Calculation Layers

A CalculationLayer is an implementation of one calculation approach for estimating a set of physical properties, such as via molecular simulation or evaluating some QSAR like model.

The framework stacks multiple layers together when estimating a data set of properties.

../_images/layers.svg

A schematic of the layer system. A set of properties to estimate are fed into the first layer. Those which can be calculated are returned back. Those that can’t are passed to the next layer until no layer are left.

Each layer will in turn attempt to evaluate the properties being estimated using the specific approach the layer represents, such as by running a set of simulations. If the layer is unable to estimate a given property, for example if a layer does not yet support a given property, or if the layer has insufficient data to reprocesses, the property will be passed to the next layer for it to try and evaluate.

In practice, this allows the framework to attempt to estimate a data set using the most rapid calculation layer first, before moving to successively slower yet more robust layers, and thus enabling as efficient as possible property estimation.

Defining a Calculation Layer

A calculation layer is defined by two objects - a CalculationLayer object which implements the main layer logic, and a CalculationLayerSchema which defines those settings and options exposed required by the layer.

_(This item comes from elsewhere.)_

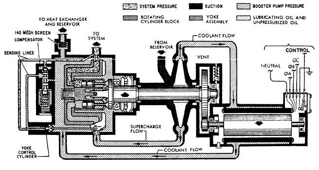 passage. Finned baffle-like passages direct this flow around the motor through the hollow-walled motor case, after which it is directed by an external line into the case of the piston pump. This constant flow through the low-pressure chamber of the main pump cools and lubricates all of its moving parts. It also picks up "blow-by" oil that escapes past the high-pressure pump pistons, and is discharged through a coarse-screen filter cartridge installed in the case drain port. The pumps coolant flow is routed through the aircrafts heat exchanger and back to the reservoir.The second delivery point from the integral centrifugal pump is directed from the centrifugal pump scroll at positive pressure to the intake port of the high-pressure pump. As you can see in figure 7-22, the Vickers motor-driven variable displacement design is similar to other engine-driven designs. The rotating assembly consists of a baseplate, to which nine piston rods are joined. The assembly turns in a fixed plane. Also turning with it is a cylindrical nine-piston block fitted inside a nonrotating yoke.The yoke is pivot-mounted to the pump case, and has an offset attachment for a compensator piston rod that controls the yokes attitude. If the yoke is not deflected, the cylinder block containing the pistons will rotate in a plane parallel to the baseplate, thus producing no stroke. The yoke can be tilted to displace the pistons, reaching maximum stroke when the yoke is tilted 30 degrees from the plane of rotation of the baseplate.The pump compensating mechanism receives a feedback signal of system pressure, and adjusts the pump output by tilting the yoke a prescribed amount to provide more or less flow. Whereas engine-driven pumps are generally rated to produce a given pressure and flow at a nominal drive speed, the electric motor-driven pump has a fixed rotational speed and a special compensating mechanism that enables the pump to provide 6 gpm (gallons per minute) at 2,950 to 3,000 psi. It will provide more flow as system pressure drops, reaching a maximum flow of 8 gpm at 2,200 psi. The accelerated flow enables the system to maintain normal speed of many actuators in use simultaneously.

One CalculationLayerSchema will be provided to the for each type of property that the layer is being asked to estimate. The base CalculationLayerSchema currently only exposes options for optionally defining either the relative or absolute uncertainty that the layer should attempt to estimate the associated property type to within, however custom schemas can be defined per layer.

The structure of a CalculationLayer is relatively simple and permissive:

@calculation_layer()
class MyCalculationLayer(CalculationLayer):

    @classmethod
    def required_schema_type(cls):
        return CalculationLayerSchema

    @classmethod
    def _schedule_calculation(
        cls,
        calculation_backend,
        storage_backend,
        layer_directory,
        batch
    ):
        ...

The first thing to note is the calculation_layer() decorator which is being applied to the class. This registers the calculation layer with the frameworks plug-in system, allowing it to be used in future calculations.

The only other requirements is that the class implement a required_schema_type class method, which returns the type of CalculationLayerSchema that is associated with this layer, and a _schedule_calculation(). The _schedule_calculation() is responsible for performing the actual property calculations.

The form of the _schedule_calculation() function is very flexible:

@classmethod
def _schedule_calculation(
    cls,
    calculation_backend,
    storage_backend,
    layer_directory,
    batch
):

    futures = []

    for queued_property in batch.queued_properties:

        futures.append(
            calculation_backend.submit_task(
                cls.process_property, queued_property, cls.__name__
            )
        )

    return futures

It takes as arguments:

  • a CalculationBackend which is used to asynchronously distribute any calculations across the available compute resources.

  • a StorageBackend which may be used to store / cache any data generated by the calculations.

  • the path to the directory within which all of the calculation working files should be stored.

  • the Batch of properties which this layer should attempt to estimate. This object includes the properties to estimate, as well as the CalculationLayerSchema for each property type.

and must return a list of Future objects (which either must be or implement the same API as the asyncio Future object). The easiest way to generate the futures is to perform any calculations using the calculation_backend which will automatically return the results of any functions as such.

The future objects returned by _schedule_calculation() must return a CalculationLayerResult object, which includes

  • the estimated property if the calculation was successful (or UNDEFINED otherwise).

  • a list of any exceptions (of type EvaluatorException) which were raised during the calculation.

  • a list of any data to be stored by the storage backend.

As a minimal example of a method which returns one such object:

@classmethod
def process_property(cls, physical_property, **_):
    """Return a result as if the property had been successfully estimated.
    """

    # TODO: Do some calculations

    # Set the property provenance
    physical_property.source = CalculationSource(fidelity=cls.__name__)

    # Return the results object.
    results = CalculationLayerResult()
    results.physical_property = physical_property
    return results

Default Schemas

Default schemas for each pair of a calculation layer and a type of physical property may be registered using the register_calculation_schema() function:

# Register the default schema to use for density measurements being estimated
# by the direct simulation calculation layer.
register_calculation_schema(
    property_class=Density,
    layer_class=SimulationLayer,
    schema=Density.default_simulation_schema
)

where the schema object should either be an instance of a CalculationLayerSchema, or a function with no required arguments which returns a CalculationLayerSchema.

A list of the registered schemas is provided by the registered_calculation_schemas module attribute.